In second grade, fluency in single and double-digit addition become early stages of multiplication. In my current class, we are now looking at multiplication, though these second graders are a strong group and have made big jumps, thanks to their foundation teacher last year, who is a whiz at explaining and reinforcing number sense.
We begin with looking at the students’ strengths with number bonds (to 10, then 20), and we use manipulatives produced by the Numicon program to help our maths understanding.

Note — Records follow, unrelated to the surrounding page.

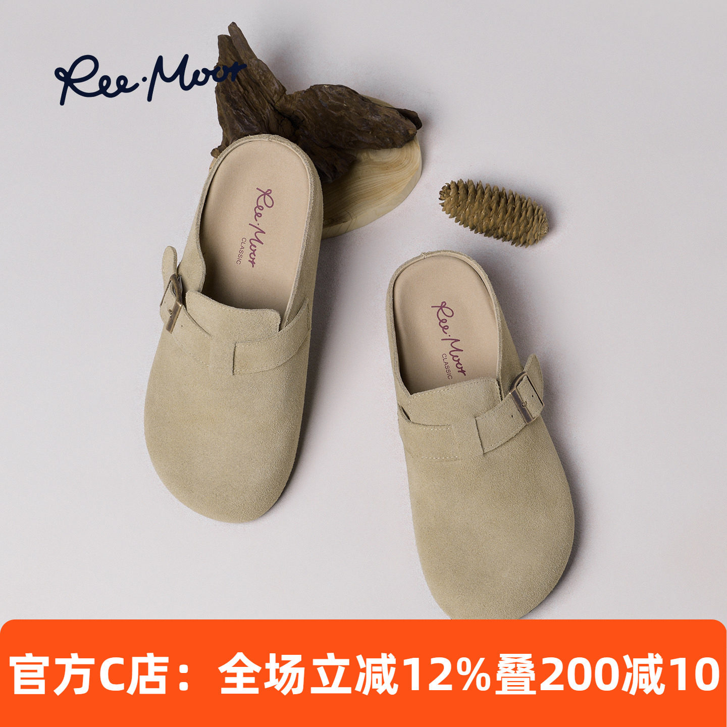 REEMOOR睿慕包头搭扣勃肯鞋女2026春夏新款半拖鞋外穿休闲懒人鞋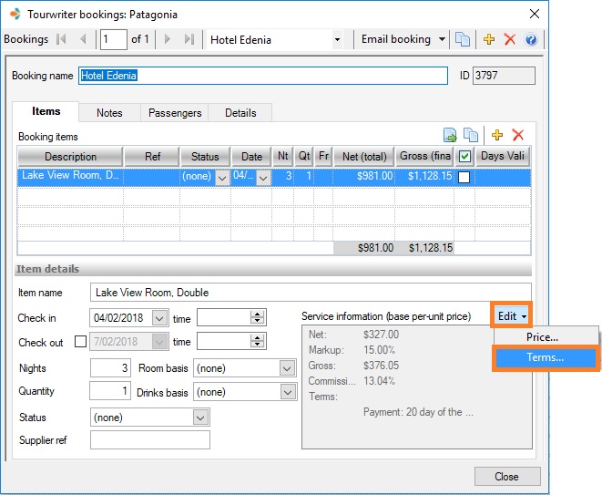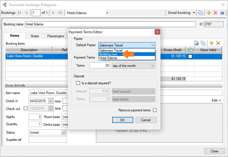 If you would like to change the Payee at the Booking level, double click the booking, and select Edit > Terms…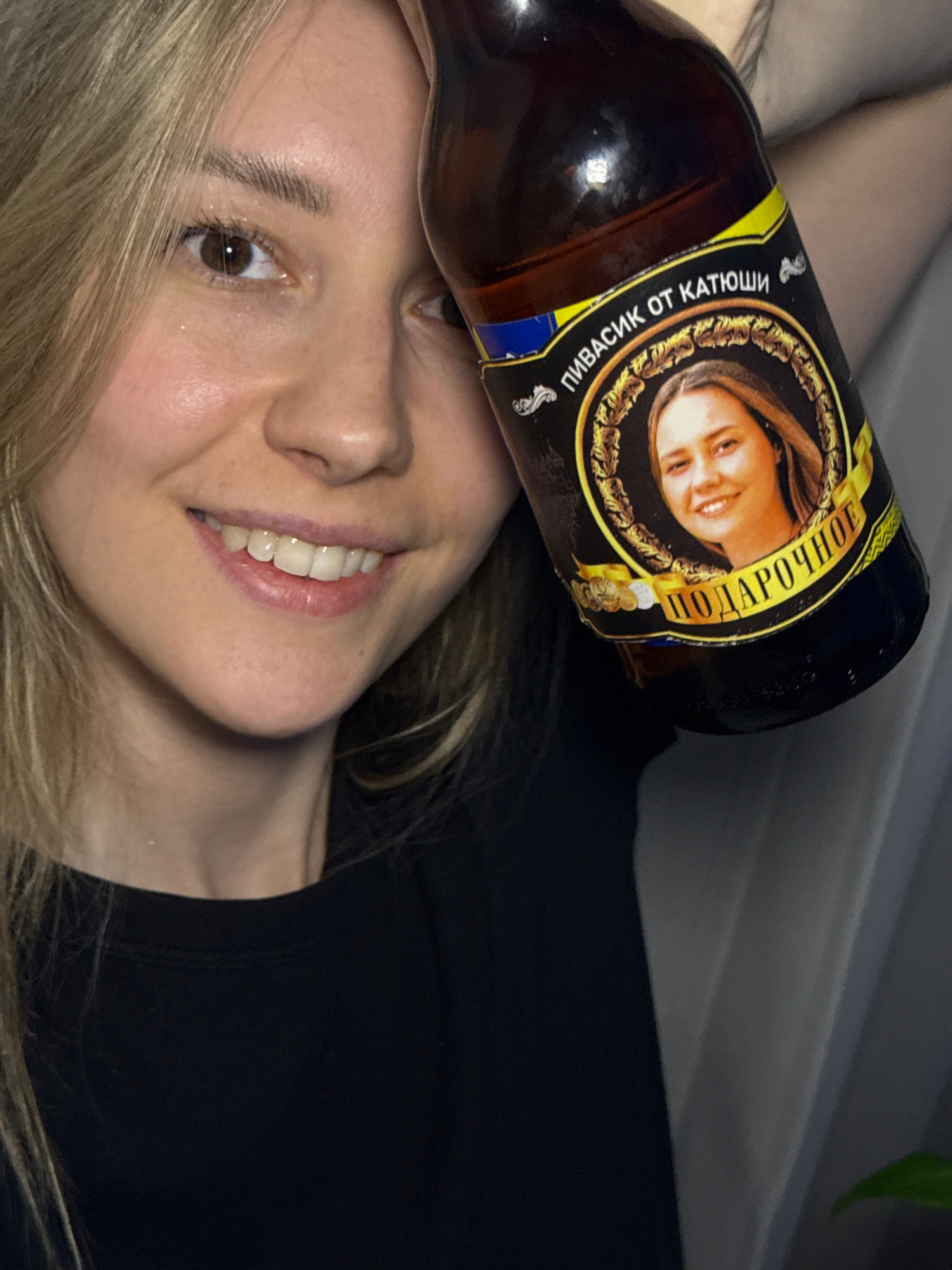 A fair-skinned woman with long blonde hair, smiling, poses closely with a bottle of dark brown liquid, likely beer, displaying the label. The bottle's label includes the words "ПИВАСИК ОТ КАТЮШИ" and…read more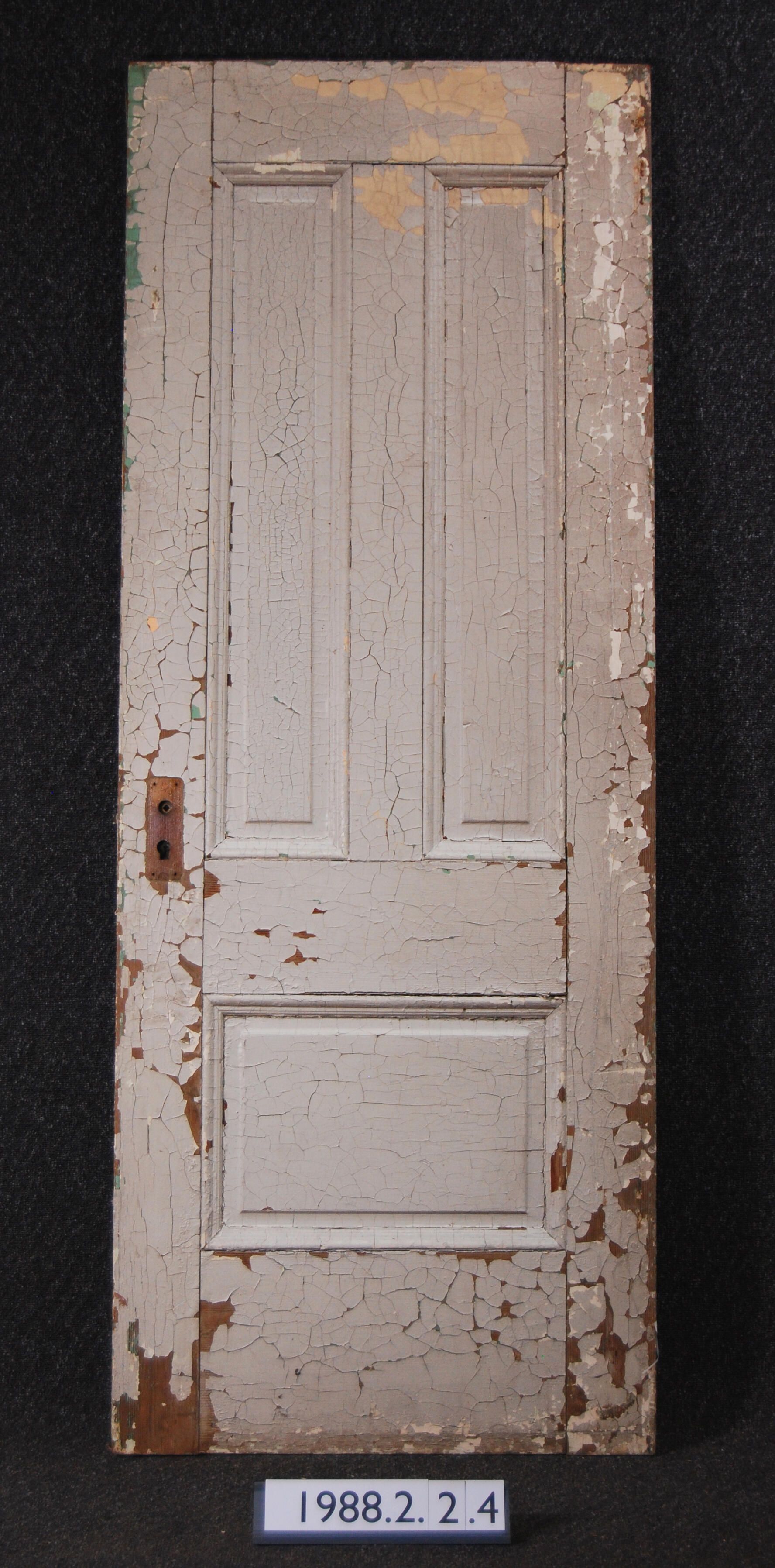Rectangular. Mortice and tenon and coped joints. Single opening with complete clear colorless beveled glass pane. Has two iron butt hinges. Latch is missing.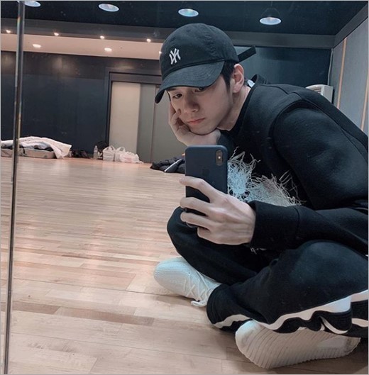 사진 속 옹성우는 연습실에서 편안한 운동복 차림으로 거울 셀카를 찍고 있다. 모자 아래에서도 빛나는 완벽 이목구비가 그의 별명 ‘옹비드’를 실감케 한다.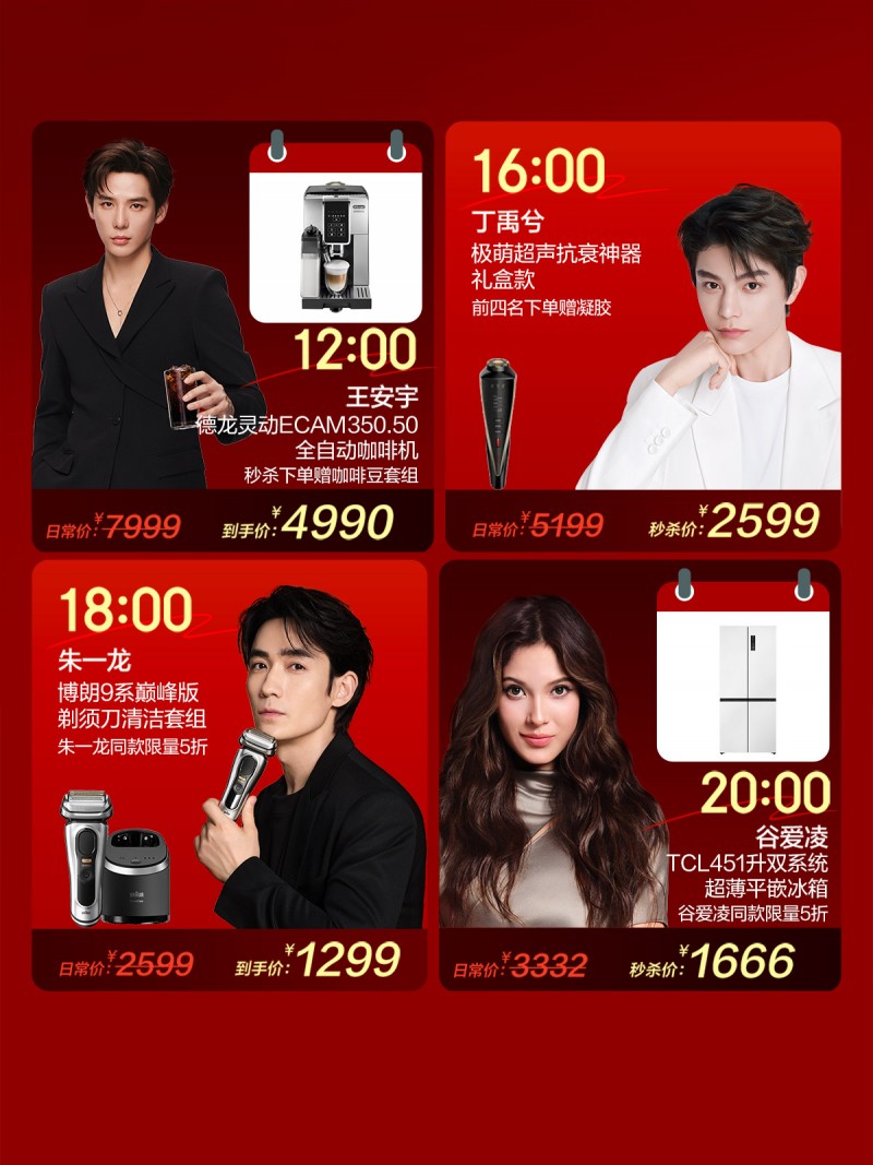 本次超級秒殺日從10月30日0點(diǎn)起,設(shè)置多個黃金秒殺時段,不同時段福利不重樣,確保消費(fèi)者能精準(zhǔn)鎖定心儀商品。比如,早上8點(diǎn),任嘉倫同款美麗雅密實袋套裝率先開搶,購買即附贈專屬周邊;中午12點(diǎn),明星王安宇推薦的德龍咖啡機(jī)開放秒殺,秒殺價直降上千元,還額外贈送咖啡豆套組,讓你在家就能輕松享受專業(yè)級咖啡體驗。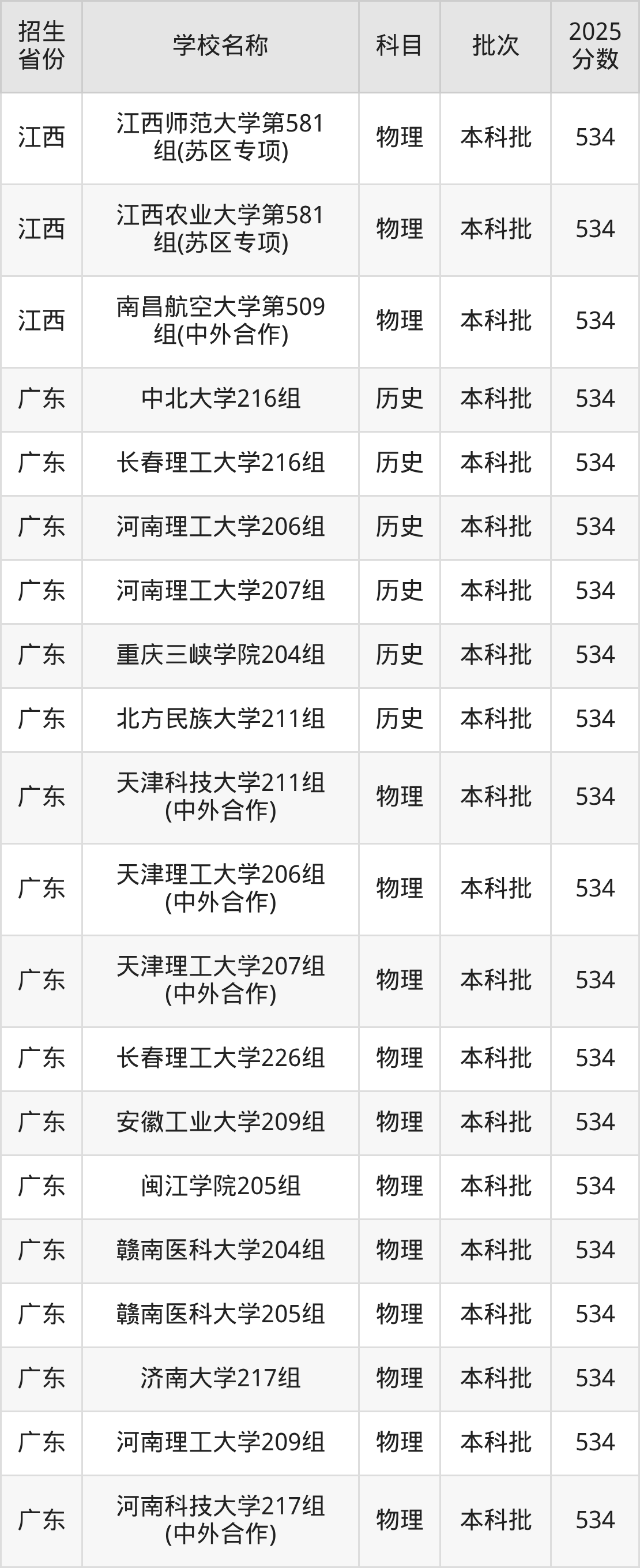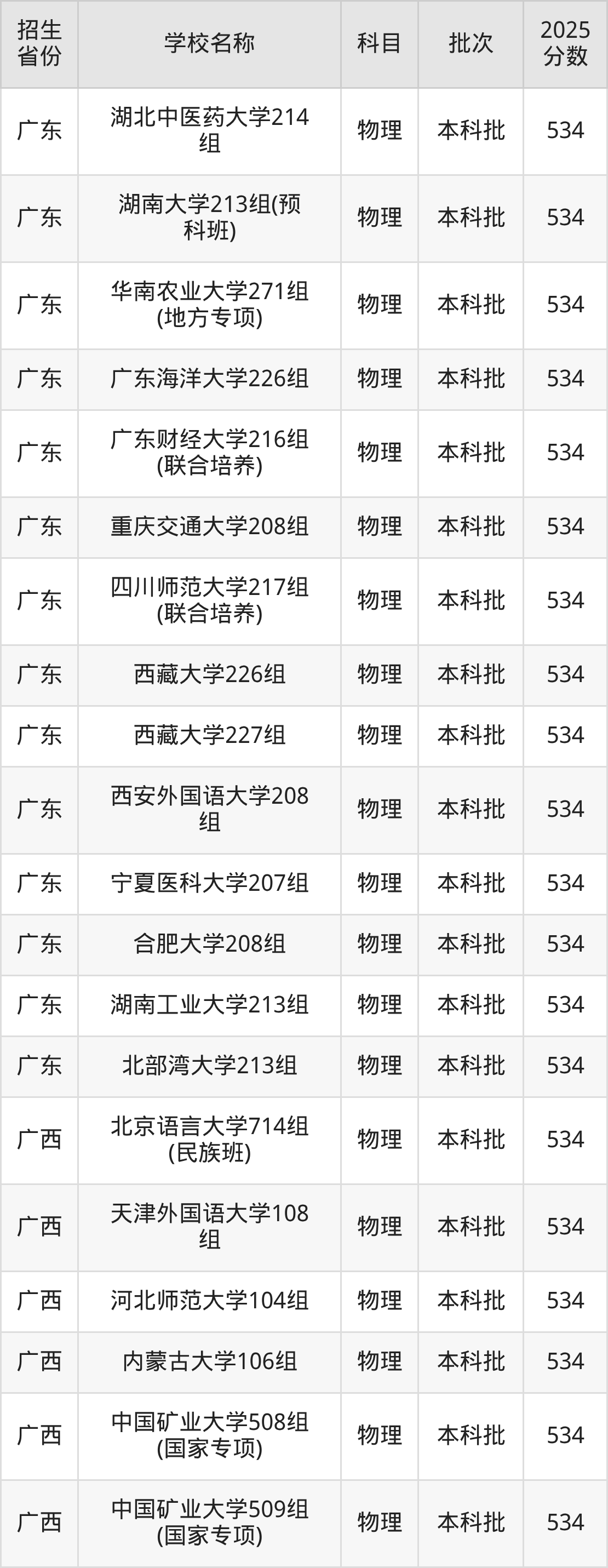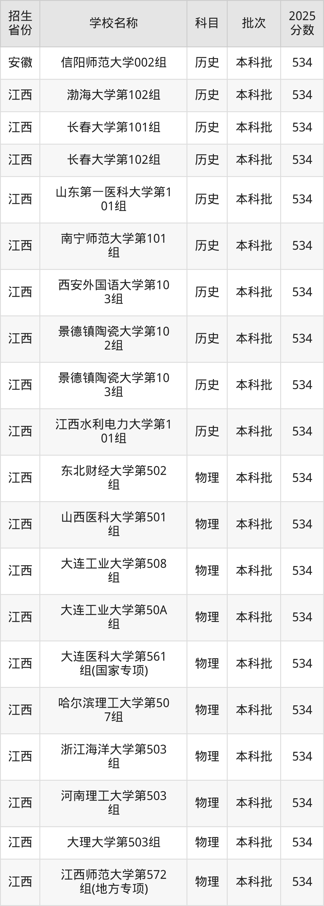 篩選全國各省2025年錄取分?jǐn)?shù)線為534分的一本大學(xué)如下:

Having a strong understanding of number bonds (7 + 3, 6 + 4, 8 + 2, etc.) helps them ‘make a ten’ and recognize and name other mental math strategies. It has been incredible for me, to use and explain the concept of number bonds with Numicon shapes, as simple and as lego-like as they are. The program was originally designed as a remedial resource, but the school I work at has adopted it as a foundation for all students, and I strongly feel that it has improved students’ number sense and confidence with manipulating numbers by a large margin. Here’s a short video on YouTube if you’re unfamiliar with what these manipulatives look like. When dealing with larger numbers, we introduce Cuisinaire rods as manipulatives, and begin to move towards developing and relying on Mental math strategies like these:
We explicitly do not look at the traditional algorithm in maths, until students demonstrate strong understanding of partitioning numbers, and feeling comfortable manipulating large numbers the same way they do with their smaller number bonds. Then, we teach the ‘lining it up’ method, where students can deal with smaller sums as a shortcut. This only comes after they can explain the place value of all of the numbers in the equation, and can explain step by step what they are actually adding. With a strong emphasis on “you solve it however it is easiest for you to see the numbers”, the only thing we ask students to do is to show their thinking. Whether that’s with a number line, compensation, partitioning, or otherwise. Funnily enough, even after using the traditional algorithm, many students in my class in particular still opt to add numbers in a lengthy way, because they feel it’s more visual and understandable. For example:
359 + 492 = 300 + 50 + 9 + 400 + 90 + 2, and
300 + 400 = 700, 50 + 90 = 140, 9 + 2 = 11, and 700 + 140 + 11 = 851
or more recently with respect to multiplication:
202 x 4 = 202 + 202 + 202 + 202
200 + 200 + 200 + 200 = 800, and 2 + 2 + 2 + 2 = 8, and 800 + 8 = 808
Word problems are a part of the teaching all the way through, and identifying the language that commands a certain function (“find the difference, how many altogether”) is recorded and referred back to regularly.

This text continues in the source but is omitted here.